* _EXERCISE DIRECTIONS_: When you copy the data, keep every word exactly as it is and leave the pictures out.

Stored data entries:

++++++++++++++++++++

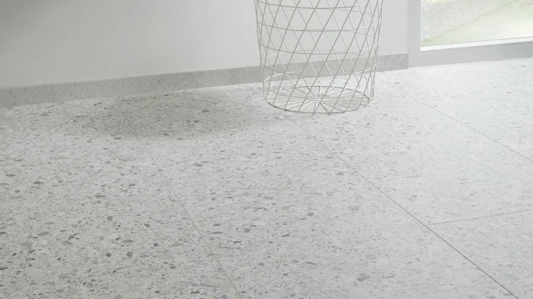 De COREtec Stone Ceratouch Branco 0990B Click PVC tegelvloer biedt een moderne en luxueuze uitstraling met de robuuste look van natuursteen. Dankzij het royale formaat van 90 x 45 cm en de 8 mm dikte creëert deze vloer een strak en elegant effect in iedere ruimte. De vloer is volledig waterbestendig, eenvoudig te onderhouden en ideaal voor gebruik in combinatie met vloerverwarming. Het handige kliksysteem maakt de installatie eenvoudig en snel. Voorzien van Micro 4V-groeven voor een realistisch tegelbeeld en geleverd met 15 jaar garantie.
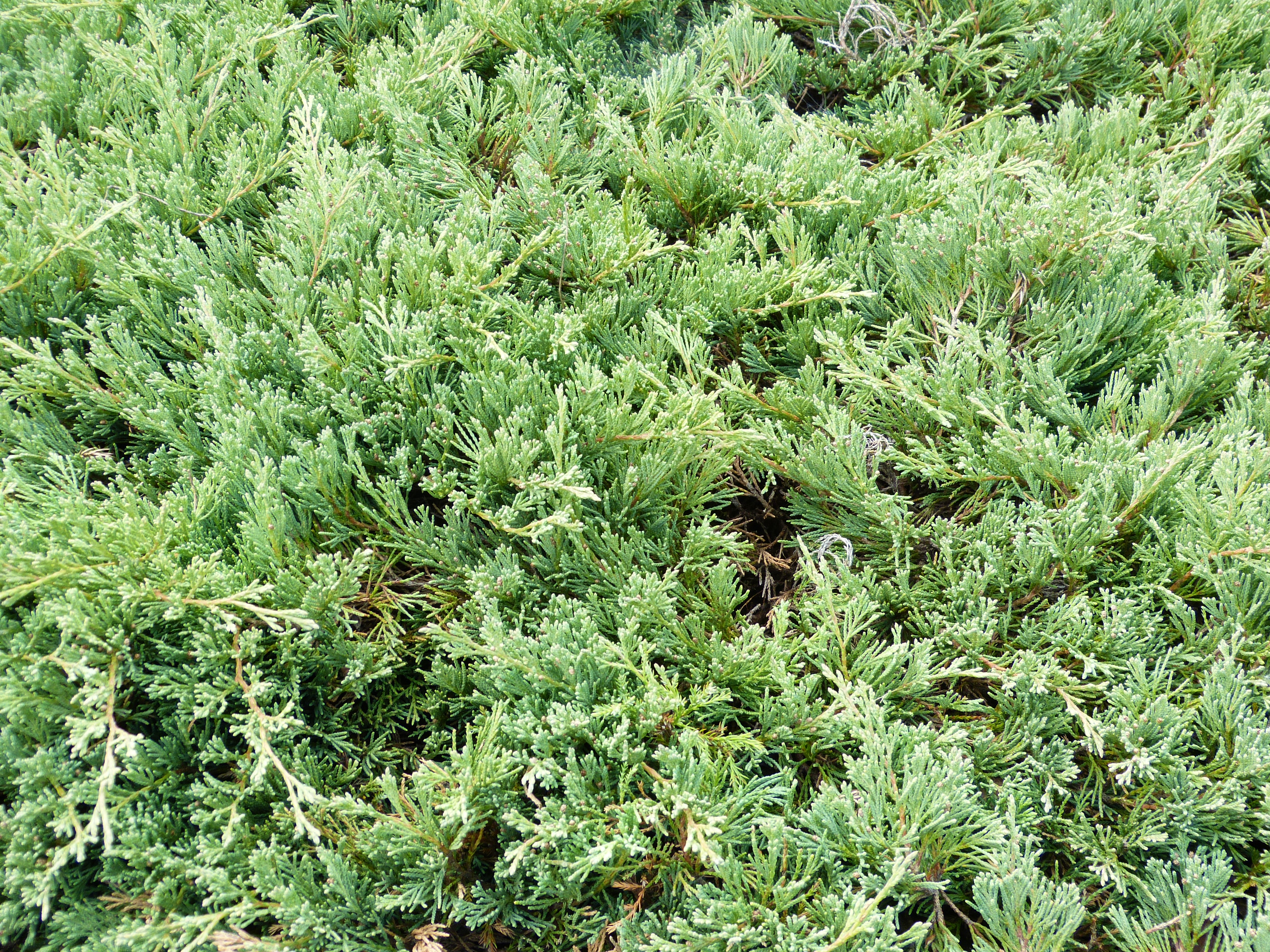 Morfoloģija. Klājenisks krūms ar spilvenveida, lielākā vecumā - šķīvjveida vainagu, augstums 0.3-0.5 m, platums līdz 1.5 m. Zari aug radiāli no stumbra uz visām pusēm, dzinumu gali aug slīpi augšup. Miza pelēkbrūna. Skujas gan adatveida, gan zvīņveida, sīkas, koši zaļas, rudenī krāsojas skaistā purpurbrūnā tonī. Čiekurogas lodveida, mazas, gaiši zilas ar pelēku apsarmi, veidojas reti.
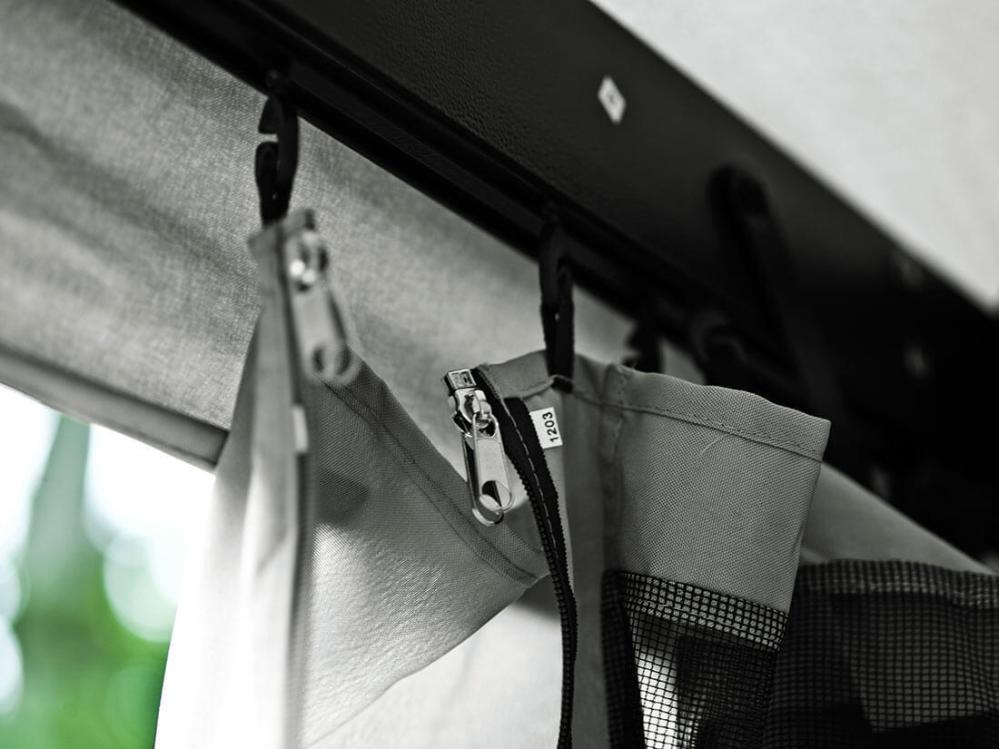 Myggnät och sidoväggar kan användas separat. Det går bra att ha både myggnät och/eller sidovägg på en eller flera sidor av paviljongen medan de andra sidorna kan vara helt öppna. Väggarna sammanfogas med dragkedja mitt på paviljongens sida, samma gäller myggnätet. Myggnäten har en ljusgrå ram med svart nät. För att undvika att vatten blir kvar på taket sitter öljetter/hål ca 10 cm från takfoten där vattnet kan dränera bort.
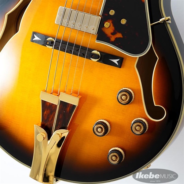 フル・ホロウ・ギターとしては小振りで抱えやすいスプルーストップ/メイプルサイド&バックボディから得られる適度な音量のカチッとした鳴りと素直なトーン、さらにフローティングでセットされるミニ・ハムバッカーの無指向的な広がり有るサウンドが、ジャズにとどまらずR&Bやソウルへと幅を広げていった彼の音楽性をそのまま語れるような多彩さの片鱗を見せてくれるでしょう。
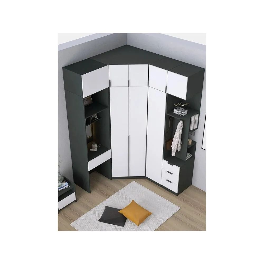 可開發票 轉角衣櫃書桌一體組閤床頭臥室梳妝臺定製90度l型鑽石拐角衣帽間
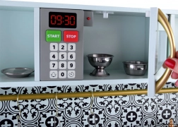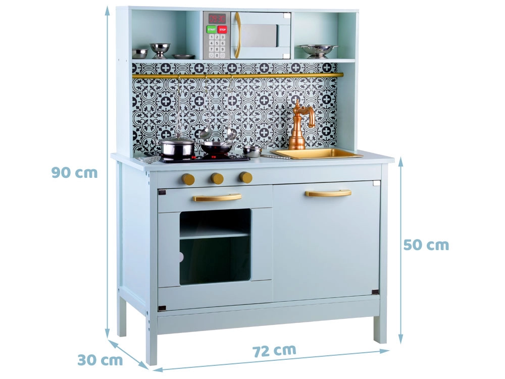 Deze elegante mintgroene kinderkeuken met zwart-witte mozaïek valt op door de hoogwaardige afwerking van hout en MDF. Realistische elementen zoals een inductiekookplaat met licht en geluid, een magnetron en een oven met transparante deur nemen kinderen mee in de wereld van fantasie en rollenspel.
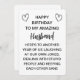 ¡Haga que el día especial de su pareja sea aún más memorable con esta divertida tarjeta de cumpleaños para marido o mujer! Esta tarjeta, repleta de humor descarado y bromas juguetonas, es perfecta para parejas que aman compartir una risa. Ya sea que esté celebrando el cumpleaños de su marido o esposa, esta tarjeta le agrega un giro desenfadado a la ocasión. Ideal para los que disfrutan de un poco de sass y ingenio, es la manera perfecta de mostrar su amor mientras mantienen la celebración divertida y única! Perfecto para un regalo de cumpleaños humorístico e inolvidable.
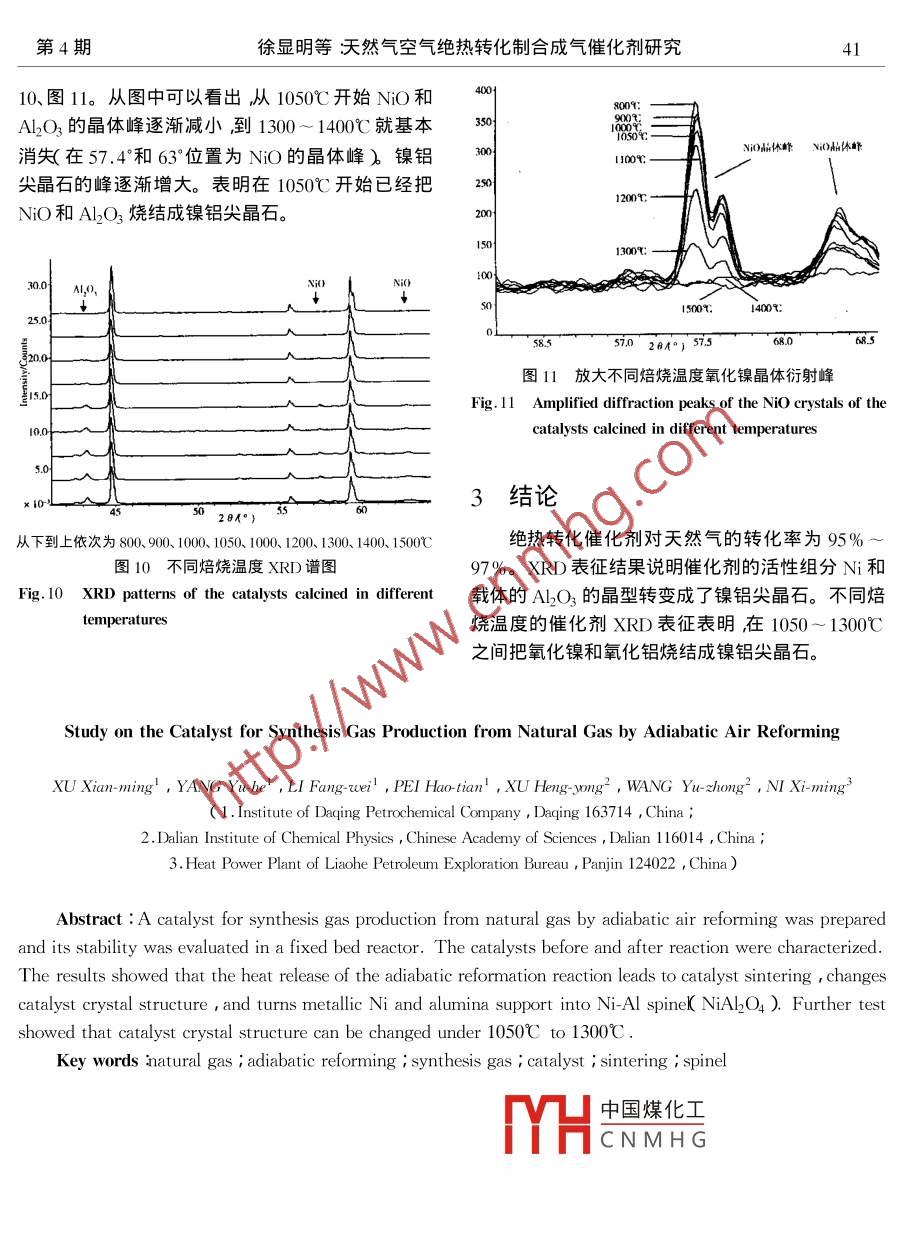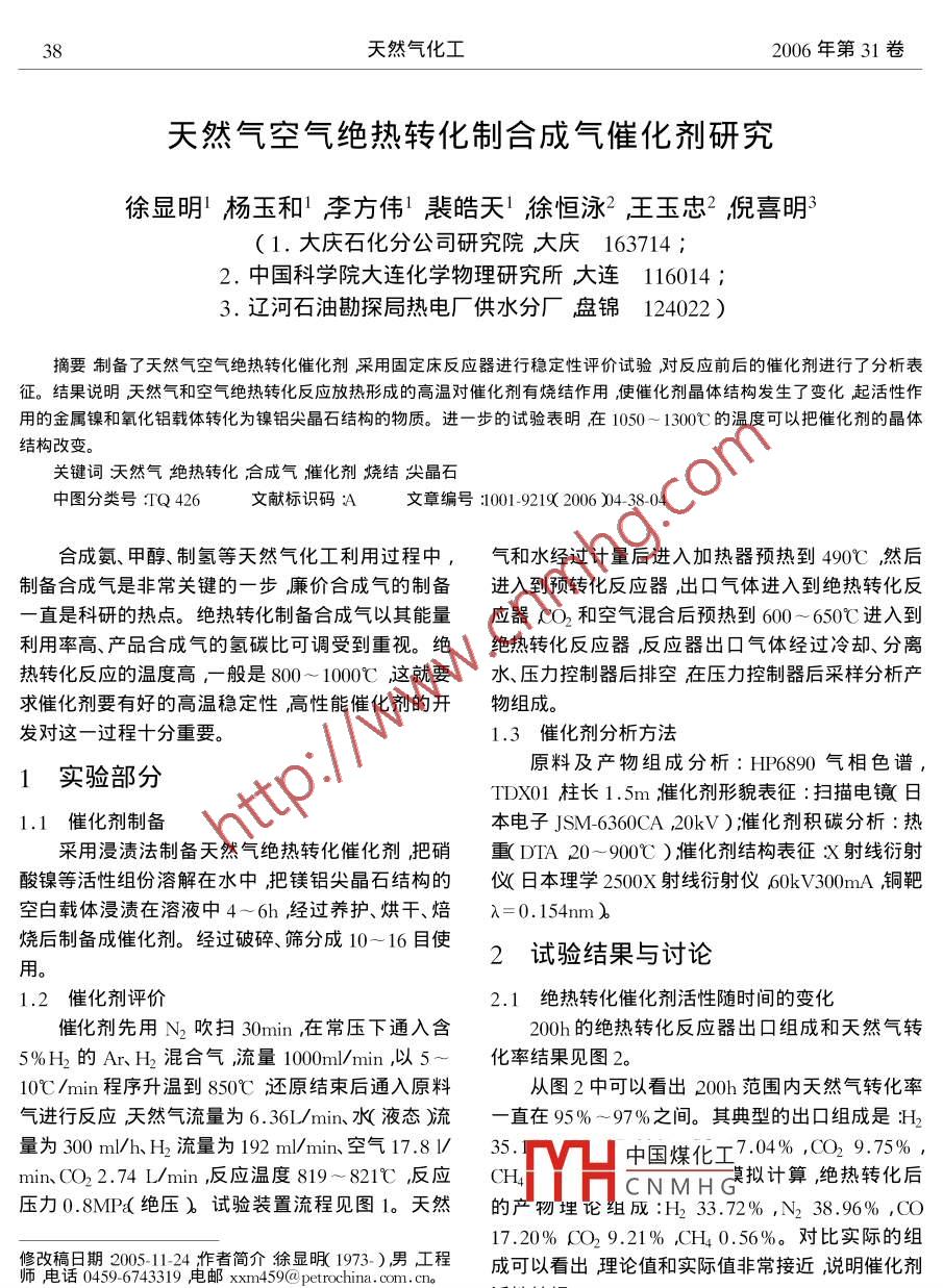 天然气空气绝热转化制合成气催化剂研究

++++++++++++++++++++

* _ANSWER BOX_:
 De COREtec Stone Ceratouch Branco 0990B Click PVC tegelvloer biedt een moderne en luxueuze uitstraling met de robuuste look van natuursteen. Dankzij het royale formaat van 90 x 45 cm en de 8 mm dikte creëert deze vloer een strak en elegant effect in iedere ruimte. De vloer is volledig waterbestendig, eenvoudig te onderhouden en ideaal voor gebruik in combinatie met vloerverwarming. Het handige kliksysteem maakt de installatie eenvoudig en snel. Voorzien van Micro 4V-groeven voor een realistisch tegelbeeld en geleverd met 15 jaar garantie.
 Morfoloģija. Klājenisks krūms ar spilvenveida, lielākā vecumā - šķīvjveida vainagu, augstums 0.3-0.5 m, platums līdz 1.5 m. Zari aug radiāli no stumbra uz visām pusēm, dzinumu gali aug slīpi augšup. Miza pelēkbrūna. Skujas gan adatveida, gan zvīņveida, sīkas, koši zaļas, rudenī krāsojas skaistā purpurbrūnā tonī. Čiekurogas lodveida, mazas, gaiši zilas ar pelēku apsarmi, veidojas reti.
 Myggnät och sidoväggar kan användas separat. Det går bra att ha både myggnät och/eller sidovägg på en eller flera sidor av paviljongen medan de andra sidorna kan vara helt öppna. Väggarna sammanfogas med dragkedja mitt på paviljongens sida, samma gäller myggnätet. Myggnäten har en ljusgrå ram med svart nät. För att undvika att vatten blir kvar på taket sitter öljetter/hål ca 10 cm från takfoten där vattnet kan dränera bort.
 フル・ホロウ・ギターとしては小振りで抱えやすいスプルーストップ/メイプルサイド&バックボディから得られる適度な音量のカチッとした鳴りと素直なトーン、さらにフローティングでセットされるミニ・ハムバッカーの無指向的な広がり有るサウンドが、ジャズにとどまらずR&Bやソウルへと幅を広げていった彼の音楽性をそのまま語れるような多彩さの片鱗を見せてくれるでしょう。
 可開發票 轉角衣櫃書桌一體組閤床頭臥室梳妝臺定製90度l型鑽石拐角衣帽間
 Deze elegante mintgroene kinderkeuken met zwart-witte mozaïek valt op door de hoogwaardige afwerking van hout en MDF. Realistische elementen zoals een inductiekookplaat met licht en geluid, een magnetron en een oven met transparante deur nemen kinderen mee in de wereld van fantasie en rollenspel.
 ¡Haga que el día especial de su pareja sea aún más memorable con esta divertida tarjeta de cumpleaños para marido o mujer! Esta tarjeta, repleta de humor descarado y bromas juguetonas, es perfecta para parejas que aman compartir una risa. Ya sea que esté celebrando el cumpleaños de su marido o esposa, esta tarjeta le agrega un giro desenfadado a la ocasión. Ideal para los que disfrutan de un poco de sass y ingenio, es la manera perfecta de mostrar su amor mientras mantienen la celebración divertida y única! Perfecto para un regalo de cumpleaños humorístico e inolvidable.
 天然气空气绝热转化制合成气催化剂研究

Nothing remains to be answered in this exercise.